§ **Instructions for the task**: Output each line of the listing exactly, though pictures are not to appear.

§ **Input data**:
-----
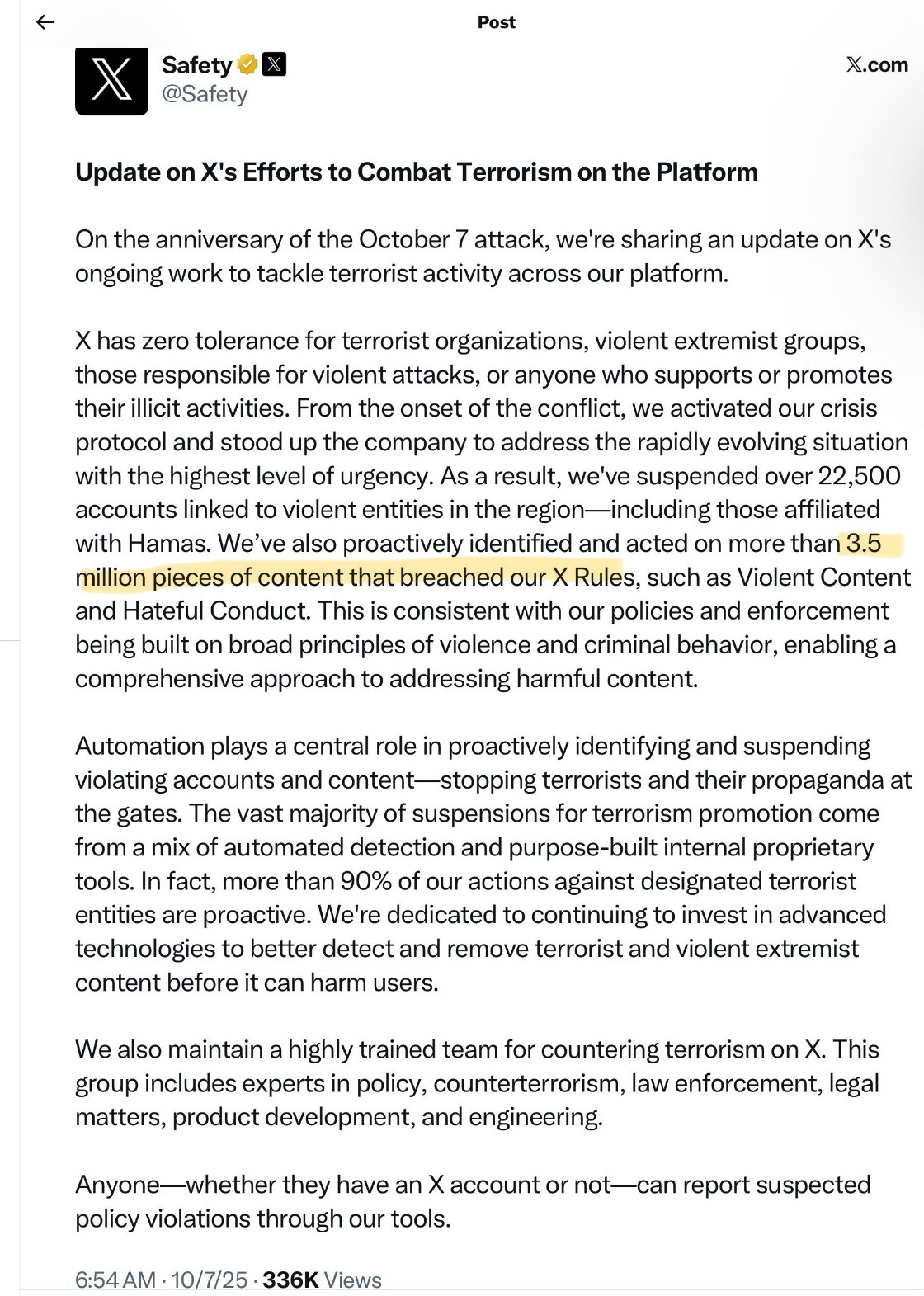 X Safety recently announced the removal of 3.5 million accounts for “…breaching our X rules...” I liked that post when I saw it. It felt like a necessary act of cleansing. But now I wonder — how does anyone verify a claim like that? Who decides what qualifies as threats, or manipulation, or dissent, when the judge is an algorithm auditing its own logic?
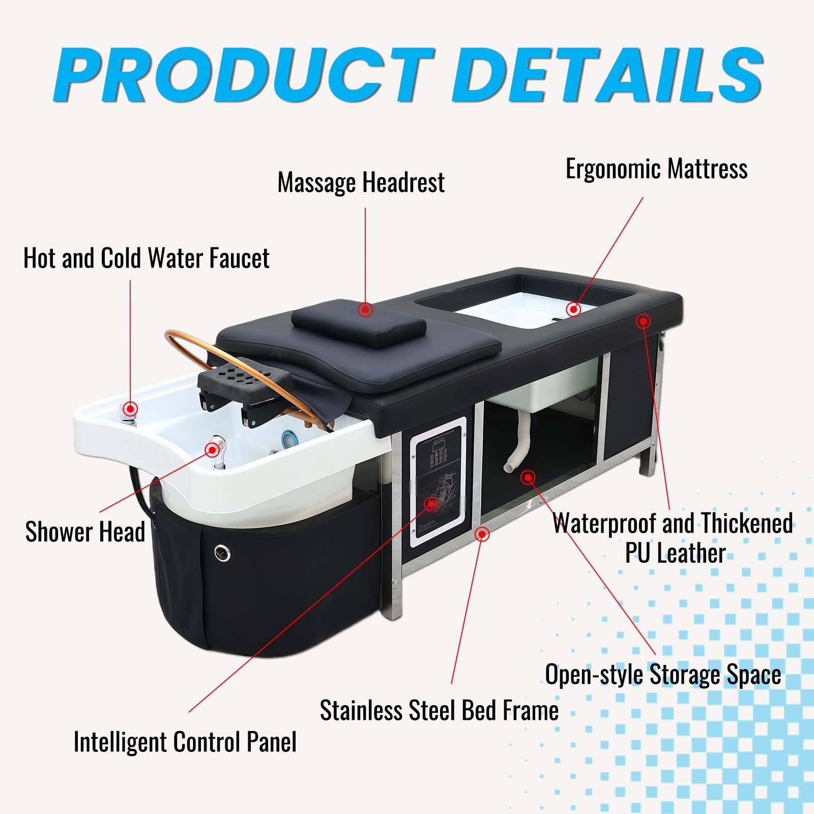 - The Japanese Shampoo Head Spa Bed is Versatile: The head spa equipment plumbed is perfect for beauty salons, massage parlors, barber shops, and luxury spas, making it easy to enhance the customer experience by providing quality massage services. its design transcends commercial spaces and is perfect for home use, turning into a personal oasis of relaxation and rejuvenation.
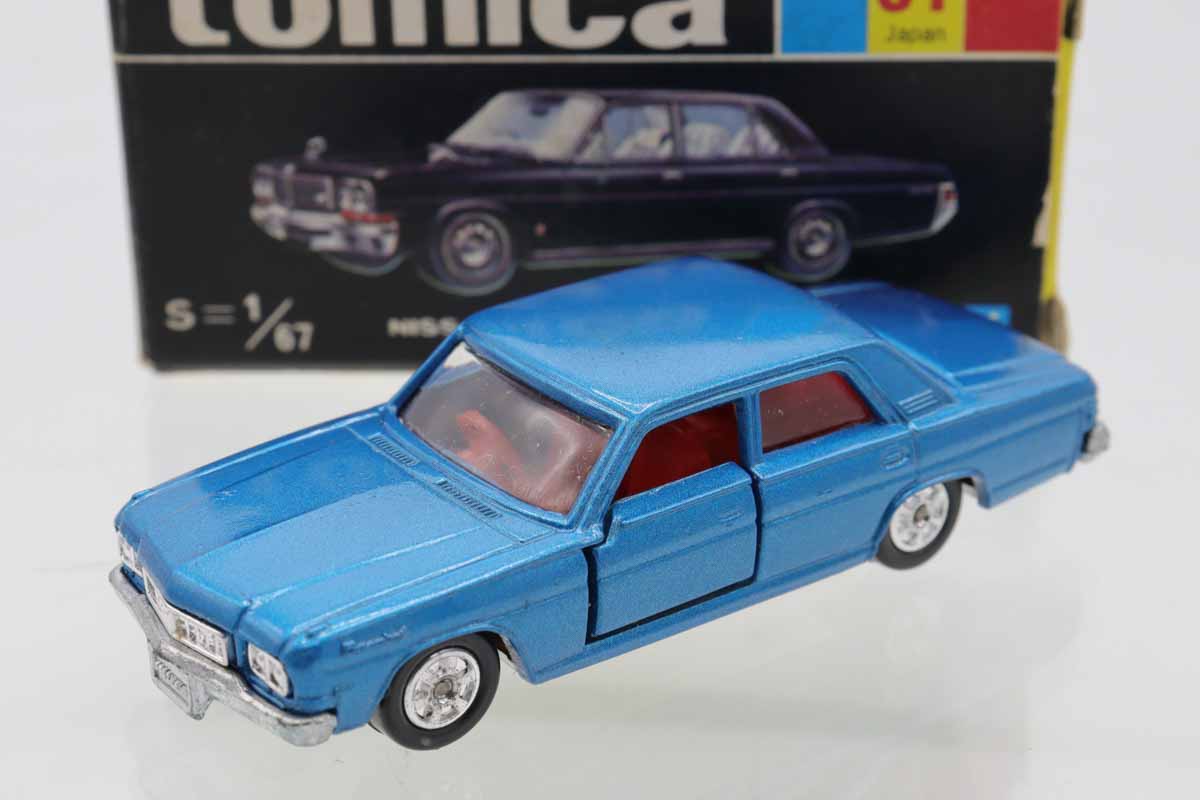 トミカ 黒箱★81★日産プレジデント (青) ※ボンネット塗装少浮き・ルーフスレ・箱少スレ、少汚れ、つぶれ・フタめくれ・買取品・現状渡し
-----
§ **Exercise response**:
 X Safety recently announced the removal of 3.5 million accounts for “…breaching our X rules...” I liked that post when I saw it. It felt like a necessary act of cleansing. But now I wonder — how does anyone verify a claim like that? Who decides what qualifies as threats, or manipulation, or dissent, when the judge is an algorithm auditing its own logic?
 - The Japanese Shampoo Head Spa Bed is Versatile: The head spa equipment plumbed is perfect for beauty salons, massage parlors, barber shops, and luxury spas, making it easy to enhance the customer experience by providing quality massage services. its design transcends commercial spaces and is perfect for home use, turning into a personal oasis of relaxation and rejuvenation.
 トミカ 黒箱★81★日産プレジデント (青) ※ボンネット塗装少浮き・ルーフスレ・箱少スレ、少汚れ、つぶれ・フタめくれ・買取品・現状渡し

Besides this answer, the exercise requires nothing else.